I would check the two bulk head connector terminals (40 or 60 pin?), by the master cylinder for corrosion. Be careful about spreading open female terminals, you will create another intermittent problem. 
If you want to throw parts at it I would try an engine coolant temp sensor and an inlet air temp sensor.


----------



## allenzachary (Dec 16, 2006)

The problem only happens on cold starts. Once the engine is warm, restarts are smooth.
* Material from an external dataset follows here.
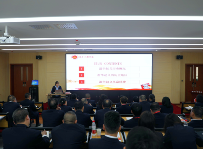 ? ? ? ?下午,全體黨員聆聽了渭華干部學院教師張莉講授的專題課《渭華起義的革命精神及歷史地位》,重點從渭華起義的歷史概況、歷史地位、革命精神三個方面對渭華起義進行了全面的學習。專題課結束之后,學員們圍繞“作為新時代黨務工作者,如何更好地踐行渭華起義革命精神”開展了研討交流,各支部黨員代表進行了發(fā)言。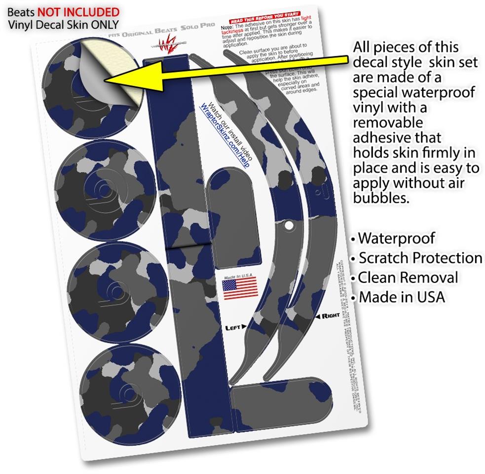 Skin Decal Wrap works with Original Beats Solo Pro Headphones WraptorCamo Old School Camouflage Camo Blue Navy Skin Only BEATS NOT INCLUDED

Does that change the picture at all?


----------



## 47_47 (Sep 11, 2007)

On your next cold start, turn the ignition key to the run position do not crank the engine. You should hear the fuel pump run for 15-30 seconds, humming noise from fuel tank. When the hum stops, turn the key off wait 5 seconds. Repeat two to three times. This will prime the fuel system. If the car starts and runs fine, you have a bad fuel pump check valve. You can either replace the pump or live with it.
You could measure the resistance of the ECT when cold with a DVOM and compare to Ford specs. Off hand, I don't know what it should be, but it should be quite high (50k+ ohms). The hardest part will be hooking up your meter leads. It could be located on a cylinder head or the intake in a coolant passage area. It will have a two wire connector going to it.


----------



## allenzachary (Dec 16, 2006)

Great stuff...I'll try it and let you know.


----------



## allenzachary (Dec 16, 2006)

Your trick worked. It seems to be the fuel pump check valve. 

I'm not sure I want to mess with the removing the fuel tank, so it might be best just to live with it. 

Thanks for your help.


----------